We're looking for problem solvers, innovators, and dreamers who are searching for anything but business as usual. Like us, you're a high performer who's an expert at your craft, constantly challenging the status quo. You value inclusivity and want to join a culture that empowers you to show up as your authentic self. You know that success hinges on commitment, that our differences make us stronger, and that the finish line is always sweeter when the whole team crosses together.
The Systems Engineer (Platform Reliability) is responsible for ensuring the reliability, scalability, and operational excellence of enterprise platforms and server systems by replacing manual operational tasks with automated, event-driven workflows.
Success in this role is measured by the effectiveness of automation delivered, the depth of platform integrations, and the ability to enable internal teams and customers to do their best work using reliable, secure, and observable platforms, tools, and services.
Key Responsibilities
- Design, build, and maintain automated workflows using Ansible Automation Platform (AAP) and Event-Driven Ansible (EDA)
- Implement standardized, automated system remediation and support processes triggered by CloudWatch and ServiceNow events
- Ensure operating system and application patch compliance using Automox policies and custom Worklets
- Protect enterprise data through automated backup validation, reporting, configuration, and disaster recovery readiness using Rubrik Security Cloud
- Own the end-to-end Alteryx Server lifecycle, including:
- Image-based worker node creation
- Infrastructure and platform upgrades
- Scalability, reliability, and observability
- Develop and maintain observability pipelines and incident flows across CloudWatch, PagerDuty, StatusPage, and ServiceNow
- Manage and secure secrets using platforms such as 1Password and AWS Secrets Manager
- Administer and support Windows and Linux server environments
- Manage DNS, public domain registrations, and SSL certificate lifecycle
- Operate using GitOps practices, managing repositories, CI/CD pipelines, automation code, and documentation (AI-assisted where applicable)
- Participate in a rotating on-call schedule to support after-hours operational incidents
Required Skills & Experience
- 7+ years of experience administering cloud infrastructure, services, servers, and networking (AWS preferred)
- Advanced hands-on experience with Red Hat Ansible Automation Platform, including workflows, job templates, projects, and Event-Driven Ansible
- Hands-on experience with platforms such as Rubrik Cloud Protection, PagerDuty, StatusPage, 1Password, AWS Secrets Manager, and Route53
- Experience managing SSL certificate lifecycle, Microsoft DNS, and external DNS providers (e.g., GoDaddy, Network Solutions)
- Experience incorporating AI-driven capabilities into automation workflows (API-based preferred)
- Strong scripting and development skills using PowerShell, Bash, Python, and JavaScript
- Solid understanding of GitOps, Agile methodologies, and cloud networking fundamentals
- Experience with Alteryx products, Automox, Kubernetes/EKS, or Docker is a plus.
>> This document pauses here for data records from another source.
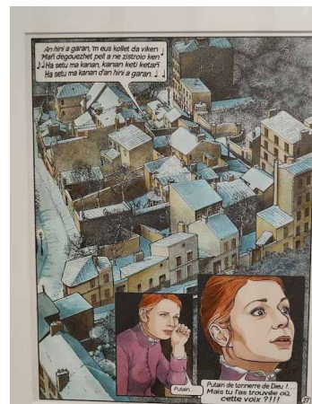
BOURGEON, François. Série Les passagers du vent , t.8 Le sang des cerises , planche 27.

Le travail sur la langue est d'ailleurs une des caractéristiques de l'œuvre de François Bourgeon. Il intègre également à ses dialogues de l'ancien français ou du breton pour accentuer la vraisemblance de son récit. Au lecteur de se livrer au jeu de l'interprétation toujours aidé par l'image. Sans les dessins qui les accompagnent, les dialogues resteraient obscurs, avec les dessins, ils deviennent limpides. Il en va de même pour les Compagnons du crépuscule et pour le Cycle de Cyann .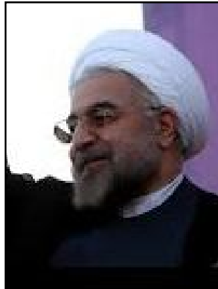
مه مه رده زار عارف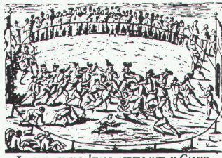
LVDVS QVEM ITALI APPELLANT IL CALGIO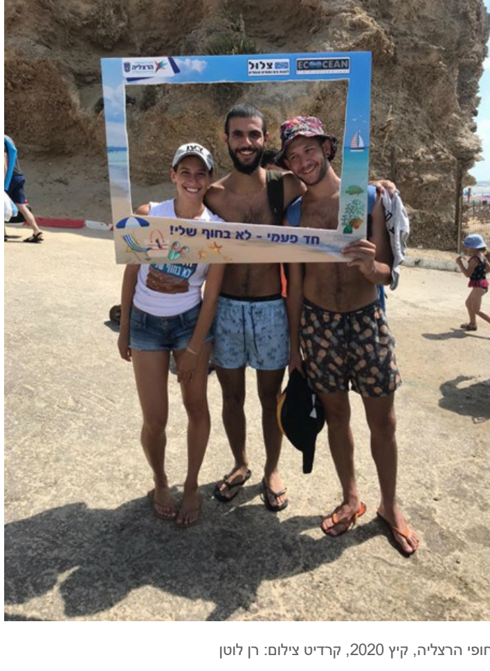
הסברה בחופי הרצליה, קיץ 2020, קרדיט צילום: רן לוטן

עמותת צילול פועלת בשיתוף פעולה הדוק עם רשויות מקומיות ברחבי הארץ כדי לקדם מדיניות סביבתית, למניעת זיהומי ים ונחלים, מצמצום השימוש בפלסטיק חד-פעמי וניהול סביבתי של זרמי הפסולת.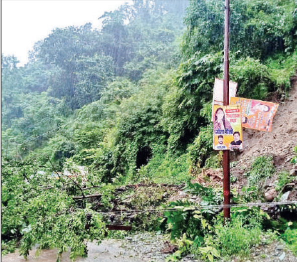
नैनीताल जिले के अमृतपुर एरिया में लैंडस्लाइड होने से मलबा व पेड़ सड़क पर आ गिरे, जिससे यातायात बंद हो गया ।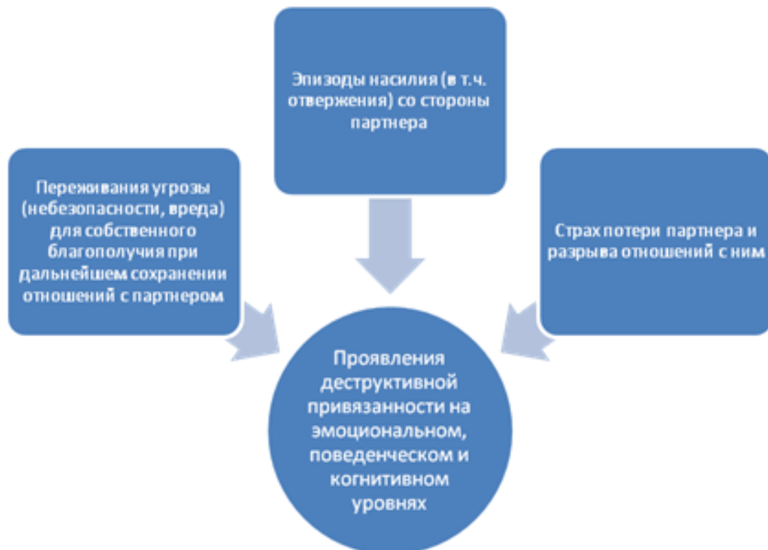
Рис. 1. Основные характеристики отношений, выступающие источником стресса и стрессогенных проявлений деструктивной привязанности.

В отношениях субъектов деструктивной привязанности как близость к партнеру, так и отдаленность от него имеют особую стрессогенность для субъекта. Это связано, как с особыми характеристиками отношений, так и со специфическим переживанием угрозы их разрыва, описанными выше, вызывающими негативные проявления данной привязанности (см. рис. 1).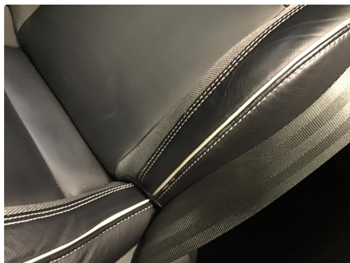
2.1 Liten slitasje etter inn og utstigning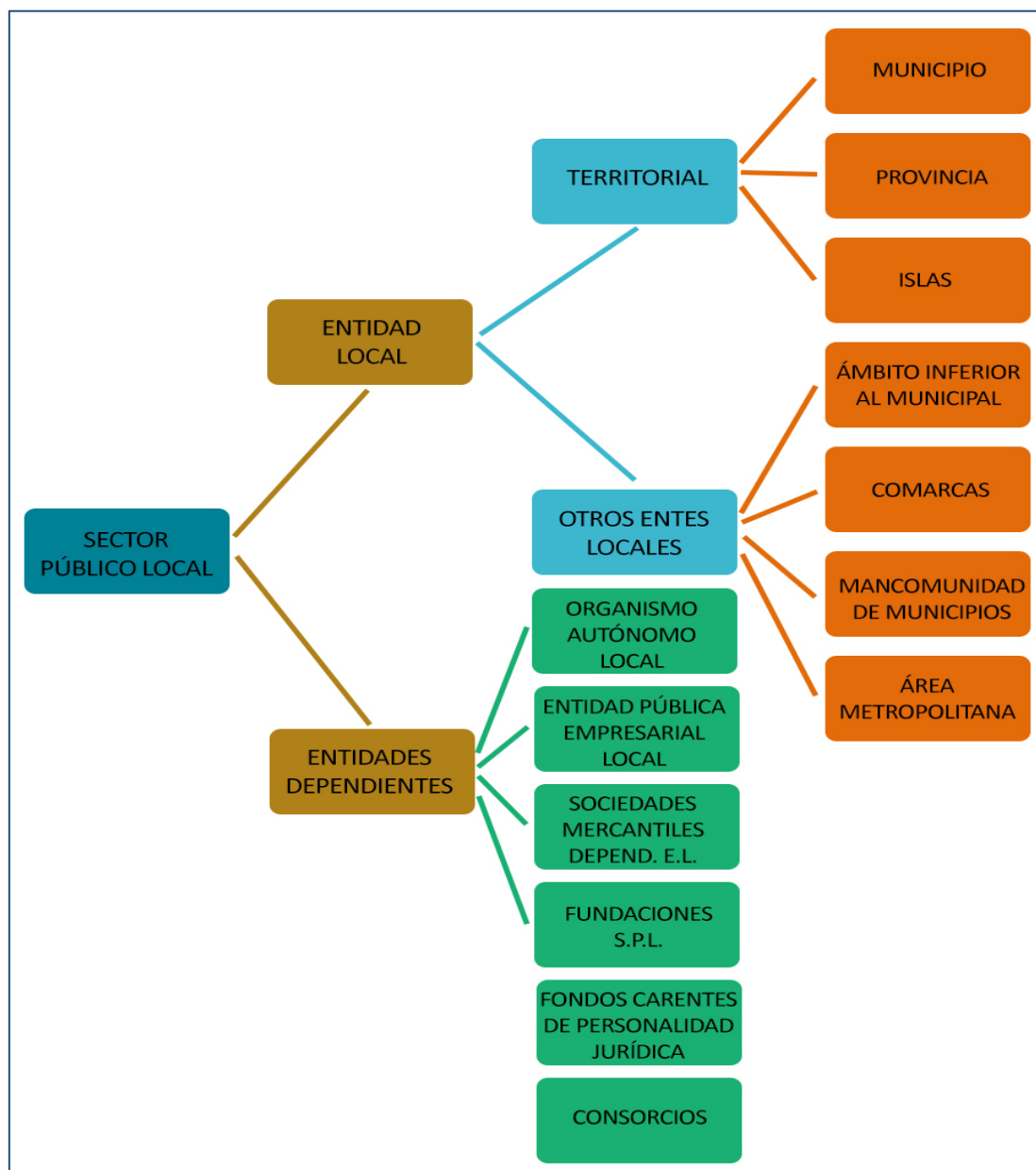
Figura nº 2. Delimitación del Sector Público Local

A modo de conclusión de todo lo anterior, podemos señalar que, la primera aproximación a una clasificación de los entes del Sector Público nos llevaría a distinguir entre Administraciones territoriales y entes institucionales.

Education & Professional Attributes
- Bachelor's degree in Computer Science, Information Technology, or equivalent practical experience
- Independent, proactive problem-solver with a strong sense of ownership
- Clear, concise communicator and collaborative team member
- Strong commitment to continuous improvement of self, team, and the platforms, tools, and services delivered.
Key Platforms & Technologies
Automation & Configuration
- Ansible Automation Platform (AAP): Workflows, Job Templates, Projects
- Event-Driven Ansible (EDA)
Endpoint & Patch Management
- Automox: Agent deployment, patch compliance, custom Worklets.
Cloud Infrastructure
- Amazon Web Services (AWS) primary
- Google Cloud Platform (GCP) secondary
Observability & Incident Management
- Amazon CloudWatch: Metrics, alerts, dashboards, triage automation
- PagerDuty, StatusPage, ServiceNow
Data Protection & Resiliency
- Rubrik Security Cloud: Policy validation, backup integrity, DR readiness, and testing
Application Platform
- Alteryx Server: Infrastructure provisioning, health monitoring, version upgrades, image-based worker node automation
Security, Secrets & Networking
- 1Password, AWS Secrets Manager, AppViewX
- Route53, GoDaddy
- DNS management, secret rotation, and certificate lifecycle automation
Find yourself checking a lot of these boxes but doubting whether you should apply At Alteryx, we support a growth mindset for our associates through all stages of their careers. If you meet some of the requirements and you share our values, we encourage you to apply. As part of our ongoing commitment to a diverse, equitable, and inclusive workplace, we're invested in building teams with a wide variety of backgrounds, identities, and experiences.
This position involves access to software/technology that is subject to U.S. export controls. Any job offer made will be contingent upon the applicant's capacity to serve in compliance with U.S. export controls.